1. Marge réelle par véhicule
La marge utile au pilotage doit retrancher les coûts directement rattachables à l’opération : préparation, transport, garantie, annonces, frais administratifs et financement du stock. Deux véhicules vendus au même prix peuvent donc produire des résultats très différents.
Calculer la marge réelle d’un VO →
2. ROI de l’opération
Rapporter le résultat au capital engagé permet de comparer des véhicules de gammes différentes. Une marge en euros élevée n’est pas toujours la meilleure opération si elle exige beaucoup plus de trésorerie ou reste longtemps immobilisée.
3. Nombre de jours en stock
Le délai entre l’entrée du véhicule et sa vente mesure la vitesse de transformation du stock en trésorerie.
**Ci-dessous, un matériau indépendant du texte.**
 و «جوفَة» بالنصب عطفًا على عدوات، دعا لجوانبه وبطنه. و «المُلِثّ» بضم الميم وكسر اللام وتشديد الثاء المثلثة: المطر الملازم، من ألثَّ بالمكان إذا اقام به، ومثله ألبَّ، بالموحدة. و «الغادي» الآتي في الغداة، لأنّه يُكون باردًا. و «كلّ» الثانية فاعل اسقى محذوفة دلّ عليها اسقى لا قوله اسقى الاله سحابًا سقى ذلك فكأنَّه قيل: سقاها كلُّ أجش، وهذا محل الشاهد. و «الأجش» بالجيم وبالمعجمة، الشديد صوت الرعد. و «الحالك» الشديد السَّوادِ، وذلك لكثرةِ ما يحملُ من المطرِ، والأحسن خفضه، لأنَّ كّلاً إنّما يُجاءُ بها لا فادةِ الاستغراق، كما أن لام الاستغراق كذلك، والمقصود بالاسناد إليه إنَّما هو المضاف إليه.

Il faut le suivre véhicule par véhicule, puis en moyenne par segment, gamme de prix ou source d’approvisionnement.
Mesurer le coût d’immobilisation →
4. Coût d’immobilisation
Le stock a un coût même lorsqu’il ne génère pas encore de facture : financement, coût d’opportunité de la trésorerie, place disponible et risque de décote. Intégrer ce coût dans la marge aide à décider plus tôt d’une baisse de prix.
5. Rotation du stock
La rotation indique combien de fois le stock moyen est renouvelé sur une année. Elle permet de comparer deux périodes sans se limiter au nombre brut de véhicules vendus.
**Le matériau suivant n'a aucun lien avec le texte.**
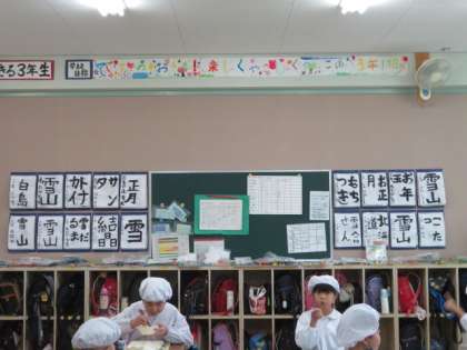 2学期最後の給食もしっかりと準備を整えて、よく味わいながらしっかりといただいていました。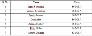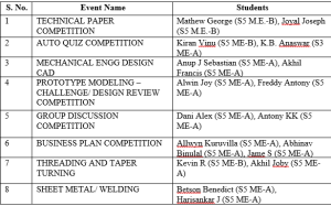 Design & CAD (Ist Prize)                    –          Karthik C Nair (S8 ME B), Nrupan Sateesh (S8 ME B), Ebin Shibu (S6 ME A)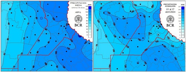 La media de todo abril para la región núcleo es de 90 mm, con grandes diferencias entre este y oeste. Sin embargo, hasta el 17 de abril la media de la región era de 136 mm, un 50% más que el promedio mensual. El atípico posicionamiento en áreas más mediterraneas del centro de baja presión y “El Niño” fuerte dejaron 5 días de lluvias problemáticas para la cosecha, pero que han cambiado las condiciones para el trigo 2024/25 en la región núcleo y gran aparte de la región pampeana.

Calculer la rotation du stock →
6. Prix d’achat maximum
Le prix d’achat est la variable que le négociant maîtrise avant même de posséder le véhicule. Partir d’un prix de revente réaliste, retrancher les frais et la marge cible donne un plafond d’achat discipliné.
Calculer un prix d’achat maximum →
7. Marge totale du parc
Un parc ne se pilote pas uniquement véhicule par véhicule : il faut regarder la marge potentielle du stock, la part des véhicules âgés, la trésorerie immobilisée et la concentration sur quelques modèles ou gammes de prix.
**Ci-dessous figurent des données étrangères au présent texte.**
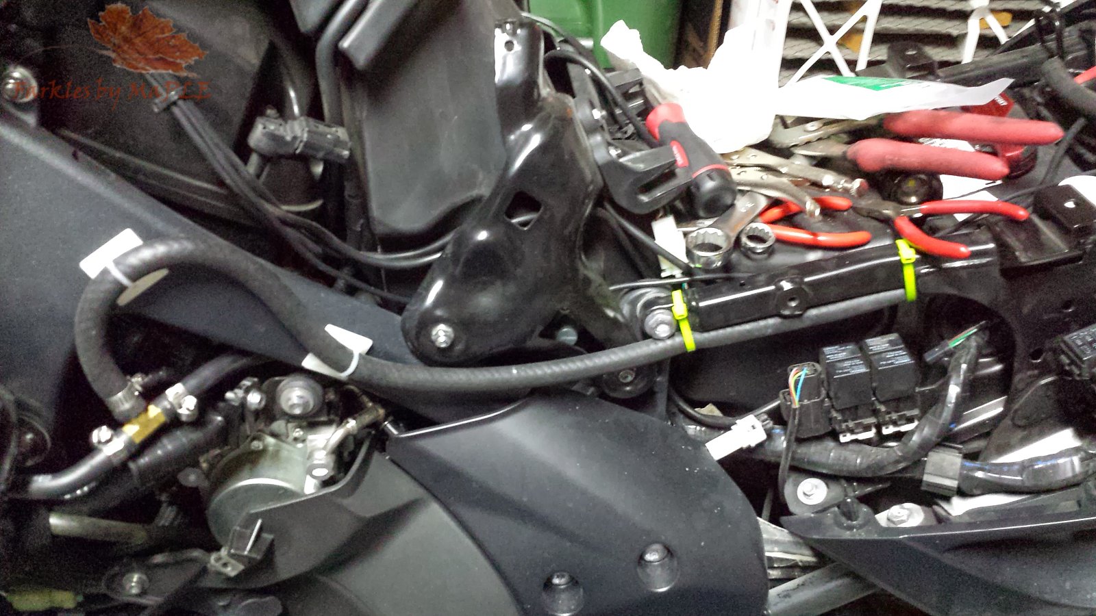 Here are a couple of examples of how the fuel line is routed on the Triumph Trophy SE.

À quelle fréquence suivre ces KPI ?
Une revue hebdomadaire suffit souvent pour les indicateurs opérationnels, avec une analyse mensuelle plus complète. L’objectif n’est pas de multiplier les tableaux mais de déclencher des décisions : baisser un prix, accélérer une préparation, changer une source d’achat ou réduire un segment qui immobilise trop de capital.